The issue of Emoncms upload restarts is a different issue. Yes, it’s aggravated by the restarts, but might also have something to do with the way your local instance uses the Reddis database cache.

When the Emoncms uploader starts, it queries the Emoncms inputs status to determine the time of last posting, with the intention of resuming from that point. Emoncms keeps that inputs database in memory using the reddis cache. If your Emoncms has restarted recently, that cache is lost, and IoTaWatt then sees the node as new and tries to upload from the earliest date in the current log, or the “upload history from” date in your IoTaWatt Emoncms setup. Whichever is most recent.

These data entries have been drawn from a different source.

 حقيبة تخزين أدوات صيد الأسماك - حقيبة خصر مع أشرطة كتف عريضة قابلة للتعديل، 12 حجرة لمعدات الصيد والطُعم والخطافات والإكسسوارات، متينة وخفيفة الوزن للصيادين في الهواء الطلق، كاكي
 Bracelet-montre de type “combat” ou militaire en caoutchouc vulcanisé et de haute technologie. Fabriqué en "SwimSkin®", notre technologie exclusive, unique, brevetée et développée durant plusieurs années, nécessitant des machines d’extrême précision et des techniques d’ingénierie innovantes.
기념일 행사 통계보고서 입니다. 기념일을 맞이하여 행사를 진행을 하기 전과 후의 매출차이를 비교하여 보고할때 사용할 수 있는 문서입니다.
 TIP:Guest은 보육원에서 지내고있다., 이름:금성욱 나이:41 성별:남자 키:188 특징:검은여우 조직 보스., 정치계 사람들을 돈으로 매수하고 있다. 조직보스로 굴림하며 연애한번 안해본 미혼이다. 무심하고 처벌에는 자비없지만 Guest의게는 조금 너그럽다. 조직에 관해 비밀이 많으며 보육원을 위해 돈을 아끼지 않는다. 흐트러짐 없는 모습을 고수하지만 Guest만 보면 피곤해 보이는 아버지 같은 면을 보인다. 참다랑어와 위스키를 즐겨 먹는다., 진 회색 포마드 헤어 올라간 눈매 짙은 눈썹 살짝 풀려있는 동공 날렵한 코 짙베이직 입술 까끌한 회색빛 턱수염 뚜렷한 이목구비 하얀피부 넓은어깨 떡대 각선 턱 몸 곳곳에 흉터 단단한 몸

So the first thing I recommend for folks with a local Emoncms instance is to occasionally ratchet up that “upload history from” date to have a backstop.

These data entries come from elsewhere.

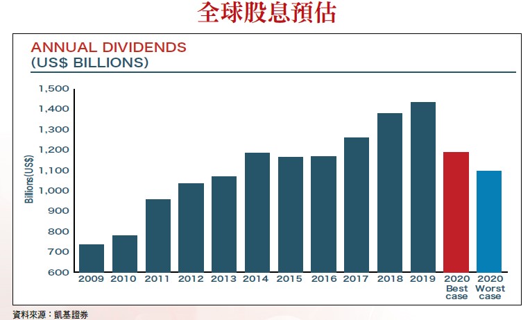 根據資產管理公司Janus Henderson預估,今年全球大型上市公司支付股息的規模將減少十七%至二三%,總金額降至一.一八兆美元至一.一兆美元,相較去年最多恐將縮水四千億美元。
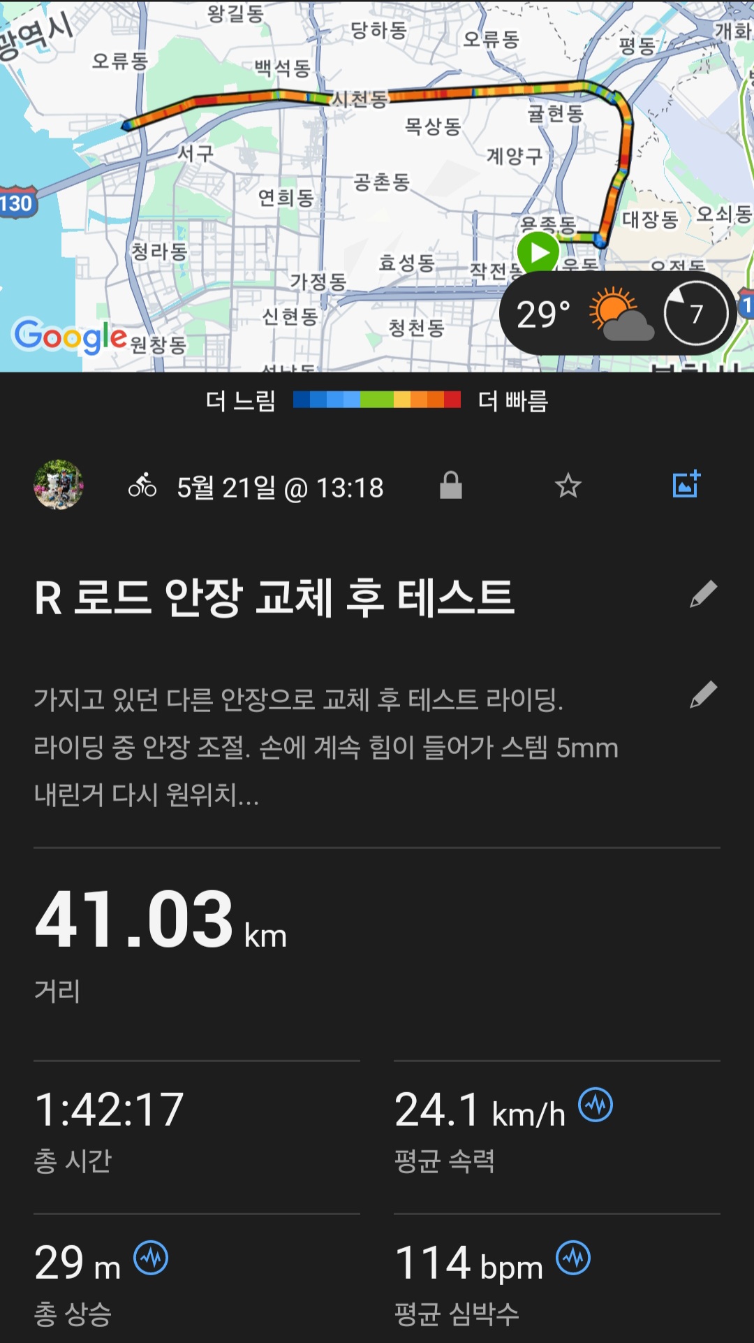 2025.05.21(수) 로드바이크 안장 교체 후 테스트... (41.03Km)
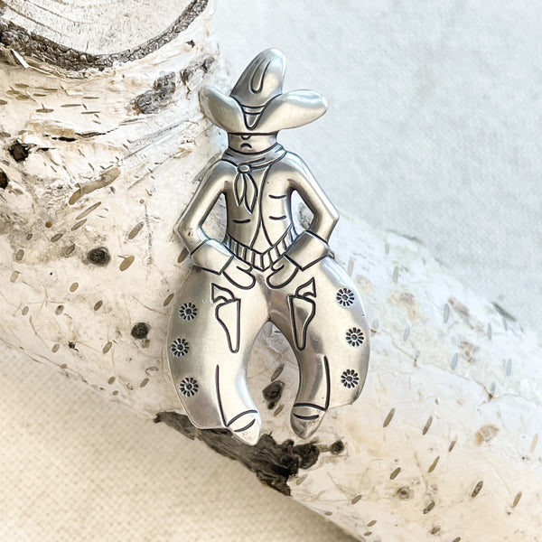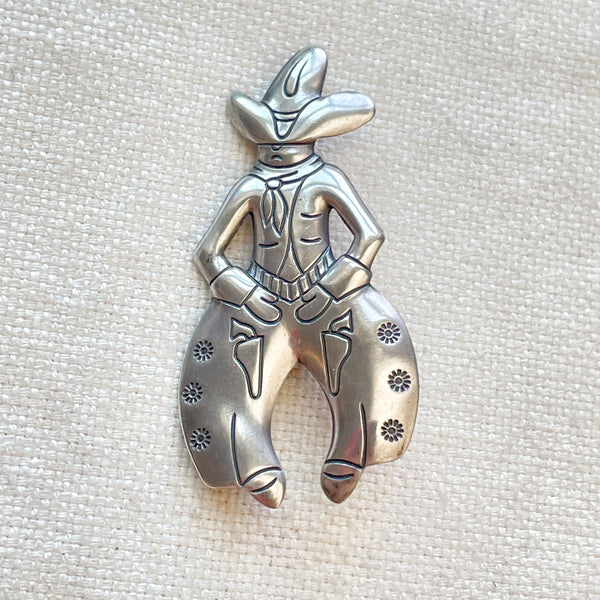 SOLD Vintage Bell Trading Post Sterling Silver Cowboy Brooch, Fred Harvey Era Pin 4.9 G

The more effective way to deal with the issue is to add reddis persistance to the Emoncms reddis. Emoncms uses reddis to reduce SDcard wear that would result from updating the inputs database after every write. Reddis has several persistance modes, but the one I recommend makes an image of the database at regular intervals. I would recommend daily. With that, your restart would at most replay one day’s upload.

I don’t know exactly how to set the persistence, but it’s explained in the reddis site
here

.The Emoncms folks don’t setup their releases with reddis persistence because their products are real-time or near-time only. In the event of an extended communication or server outage, the data is simply lost and it resumes from the time of service restoration. Because IoTaWatt retains all of the historical data, it can take the extra step of querying Emoncms and resuming from the point of failure. Enterprise Emoncms (Emoncms.org) doesn’t have this reddit issue.